JMK - Caro Joseph, sono tanto d'accordo che sono stato io il primo a coniare le parole possenti degli animal spirits.
JS - Io li avevo già chiamati Unternehmergeist, "anime fiere".
JMK - E non mi faccio spaventare da tanta effervescenza speculativa che ha gonfiato la bolla del credito prima che scoppiasse la crisi dei mutui. Ma, se è vero che «gli speculatori non fanno danno se sono bollicine sulla corrente dell'intrapresa» è anche vero che «le cose si fanno serie quando l'impresa diventa la bolla in un gorgo di speculazione. Quando lo sviluppo finanziario di un Paese diventa il sottoprodotto delle attività di un casinò, viene fuori un lavoro fatto male. Se misuriamo il successo di Wall Street come un'istituzione la cui funzione sociale è quella di incanalare l'investimento negli impieghi più produttivi, dobbiamo concludere che Wall Street non è stato un grande trionfo del capitalismo alla laissez faire».

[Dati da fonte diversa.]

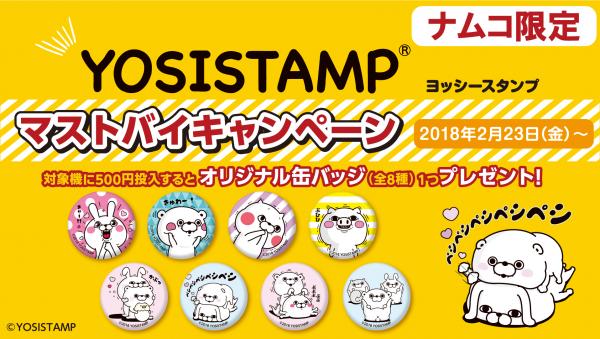 全国で約220店舗のアミューズメント施設を運営する株式会社ナムコは、アミューズメント施設限定景品の導入に合わせて、オリジナル缶バッジがもらえる「ヨッシースタンプ(※1) マストバイキャンペーン」を2月23日(金)より全国137店舗で順次実施いたします。
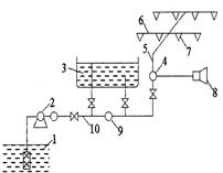 Рис. 4. Схема водяної спринклерної автоматичної системи: 1 – вододжерело; 2 – відцентровий насос; 3 – водонапірний бак; 4 – контрольно-сигнальний клапан; 5 – живильний трубопровід; 6 – розподільний трубопровід; 7 – спринклерна голівка; 8 – сигнальний пристрій; 9 – зворотний клапан; 10 – магістральний трубопровід
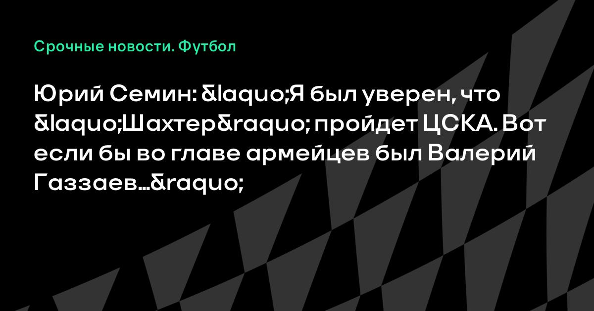 Юрий Семин: «Я был уверен, что «Шахтер» пройдет ЦСКА. Вот если бы во главе армейцев был Валерий Газзаев...»
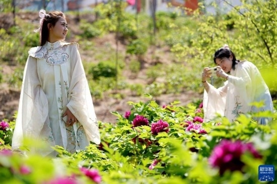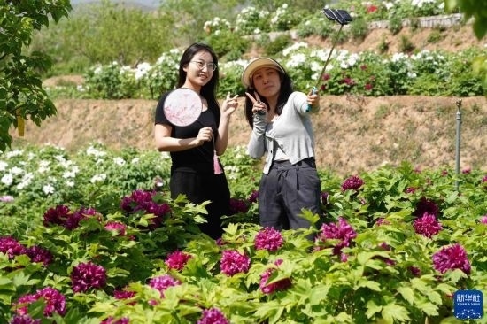4月16日,游客在白臺(tái)峪村牡丹農(nóng)業(yè)產(chǎn)業(yè)園拍照游玩。
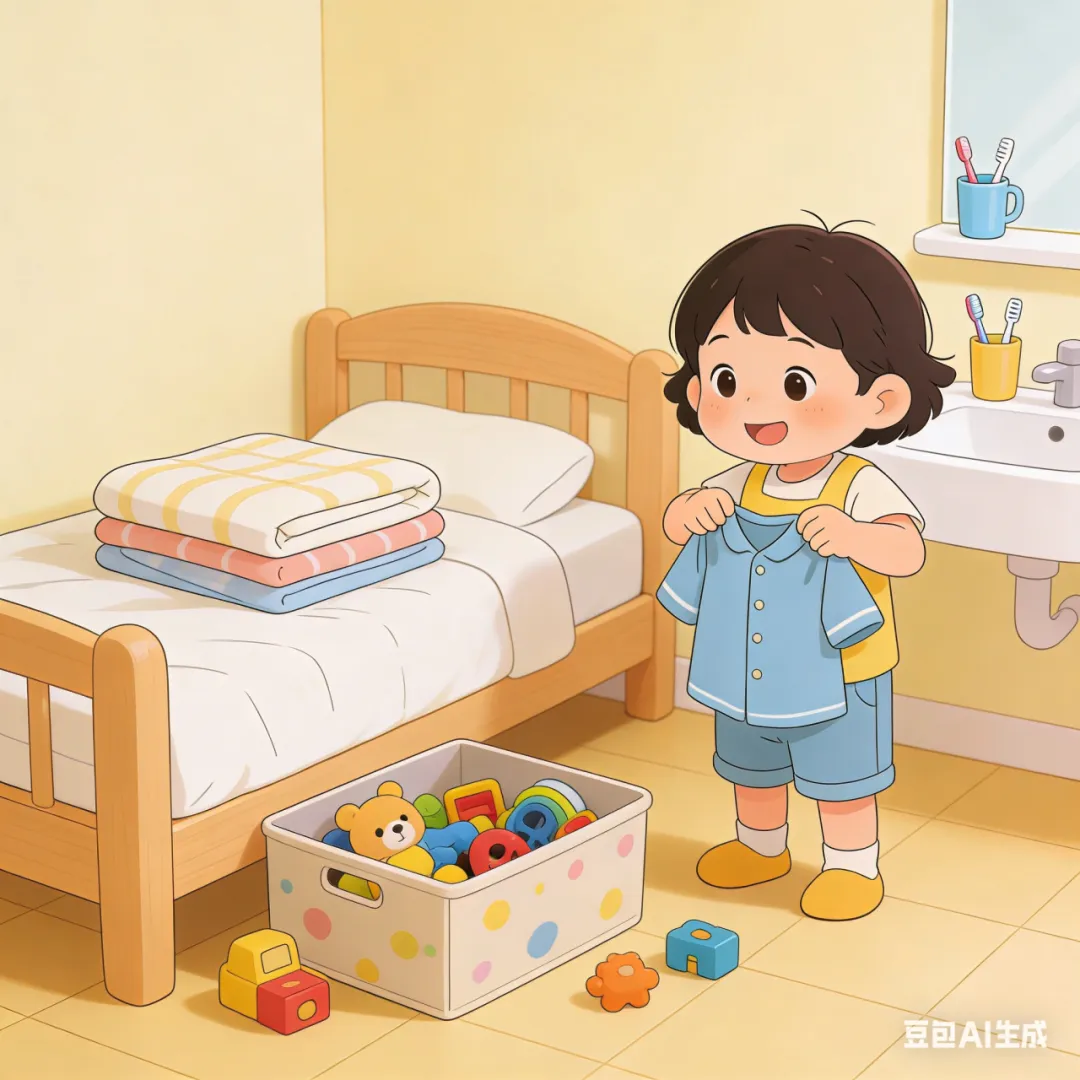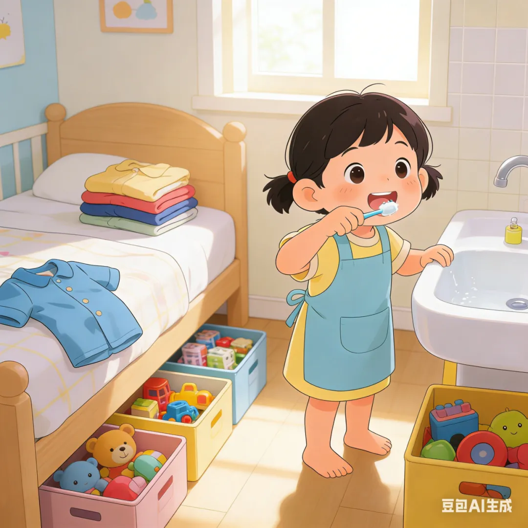 2.放手让孩子完成力所能及的小事,引导孩子自己洗漱、穿衣、整理玩具和物品;
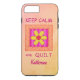 Mostre seu amor por colchar com este colchete colorido e divertido que bloqueia o grande caso do iPhone 6 Plus proclamando "Manter Calmo e Quilt" e personalizado com seu nome. Este design é uma arte original em forma de colcha com um aplicativo coloridoé bloco de retalhamento de flores em um fundo de coral e ombre amarelo. A palavra "quilt" é fácil de mudar para outra palavra de sua escolha. O design de colcha está em cores vibrantes e dinâmicas de laranja, amarelo e fuchsia rosa para uma bela paleta de cores. Totalmente personalizável para personalizar. Quilt art é a arte original da designer de tecidos e colchas Phyllis Dobbs. Esta arte está disponível em outros produtos e em vários planos coloridos e também está disponível em mais produtos Keep Calm com diferentes tipos de arte de colcha. Mais produtos estão disponíveis na loja Phyllis' BusinessWithFlair.
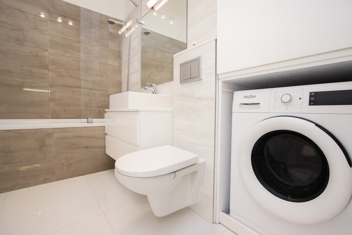 • Łazienka z prysznicem i pralką,

JS - Ma l'impresa è stata veramente danneggiata da questa crisi nei piani alti della finanza? Quando ci hanno istruiti su quel che è successo negli anni di grazia 2007 e 2008, la parola più ricorrente era quella del credit crunch, la stretta creditizia. Ma se prima c'era stato un eccesso di credito a (troppo) buon mercato, la stretta non è una disgrazia ma una medicina.

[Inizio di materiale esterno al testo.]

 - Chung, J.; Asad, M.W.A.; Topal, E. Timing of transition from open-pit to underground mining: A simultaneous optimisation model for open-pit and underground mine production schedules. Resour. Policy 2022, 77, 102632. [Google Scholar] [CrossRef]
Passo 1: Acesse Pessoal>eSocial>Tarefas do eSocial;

JMK - Sono d'accordo, e da questo punto di vista, a guardare quelle cose scomode che sono i fatti e i numeri, la stretta c'è stata solo per i prestiti e gli impieghi che giravano vorticosamente all'interno del settore finanziario. Se una società finanziaria si fa dare soldi a breve dalle banche per lucrare sulle differenze fra tassi corti e lunghi, questa non è un'attività produttiva. Il credito alle attività produttive non è stato fatto mancare e non ci sono ragioni perché manchi in futuro.